Keeping a health journal teaches you to become more aware of yourself and helps you identify patterns and changes in your well being. Realize that the more information you have about your health, the more accurate a diagnosis you will get, so bring this health journal to your medical appointments. Keep one for your children until they are old enough to do so themselves.

8. Prepare your bedroom for sleep.  Good sleep is as important to your health as what you eat.  Discard the clutter around your bed—if necessary, hide it.  Use your bed only for sleeping and intimacy—no screens (tablets, smart phones, T.V. etc) in bed.  If you use your bedroom as an office or for studying, separate that part of the room from the sleeping area. Use dividers, sheets, or open shelves to separate the space.

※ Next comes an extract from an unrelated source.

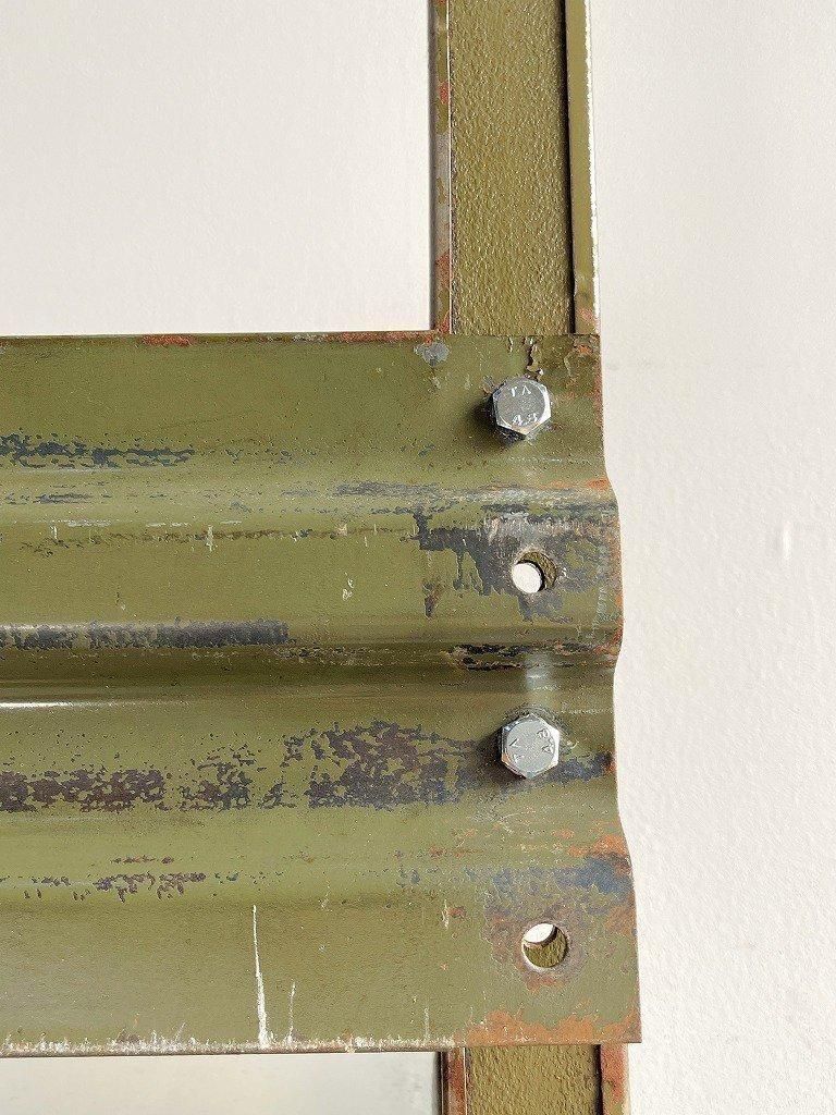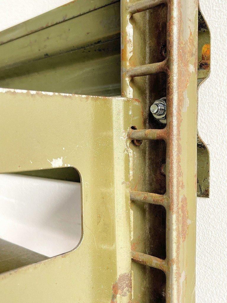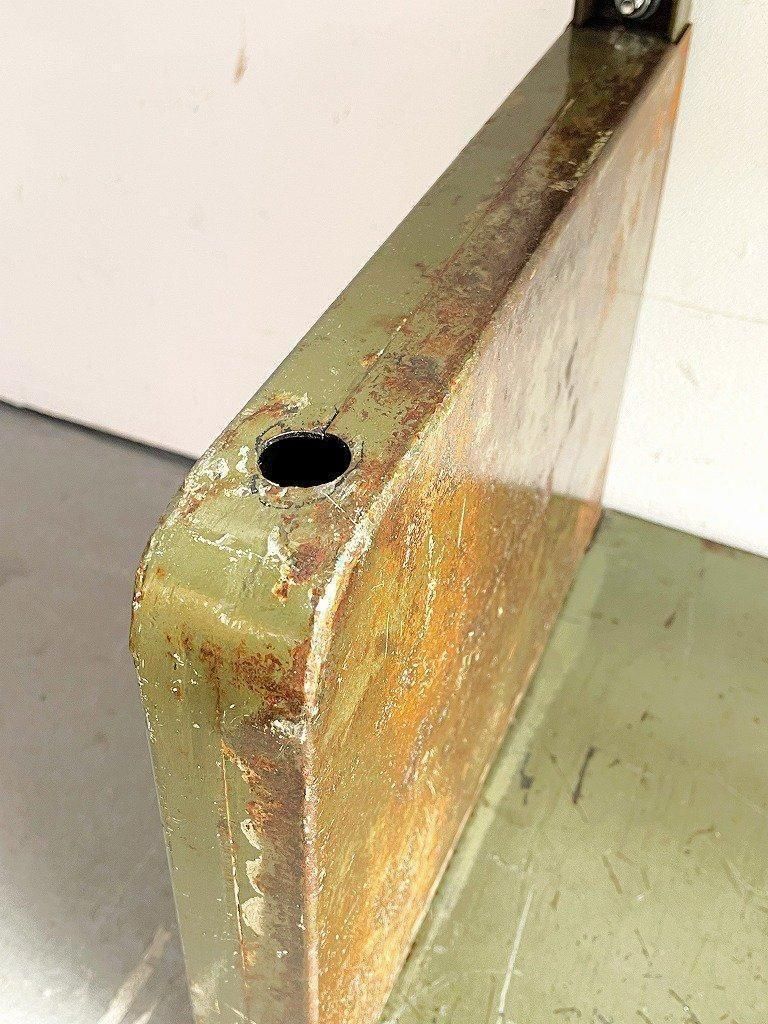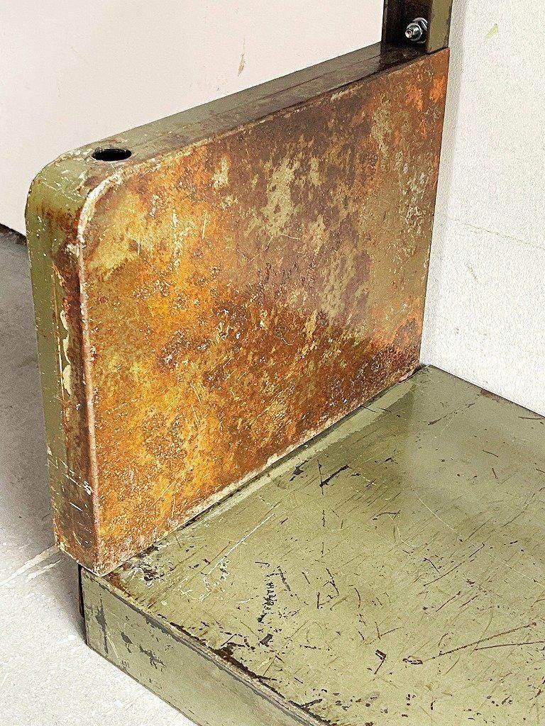 主体色はややグレーがかったオリーブドラブ(軍用グリーン)で、戦後期の東欧工業製品によく使われたミリタリー由来の塗料色を使用。スチールが酸化して赤錆色になりヴィンテージインダストリアルの空気感が味わい深いです。

Sleep in complete darkness. Studies have shown that women who sleep in completely dark rooms have better hormone balance. Darkness increases the release of melatonin to promote better sleep and more alert wake cycles. This means no artificial light through the window (only moonlight is OK), no night lights, and no alarm clock shining into your eyes.

9. Alternate nostril breathing.  Once in bed, try this to help you sleep.  Hold the right nostril closed and take a deep breath lasting four seconds through the left nostril; hold for seven seconds, or as long as you can without straining; through the right nostril, exhale for eight seconds. Take in a breath through the right nostril for a count of four, hold it for seven seconds, and release it through the left for eight seconds. Repeat 10 times.

This will encourage nasal breathing, which is important for respiratory health. Through this breathing exercise, you can increase the secretion of melatonin, which protects against cancer, reduces anxiety, promotes hormone balance, and regulates the day and night cycle.

10. End your day with gratitude!  Take time to find one thing in your day to be thankful for. This is a great time to congratulate yourself on incorporating these new techniques into your routine.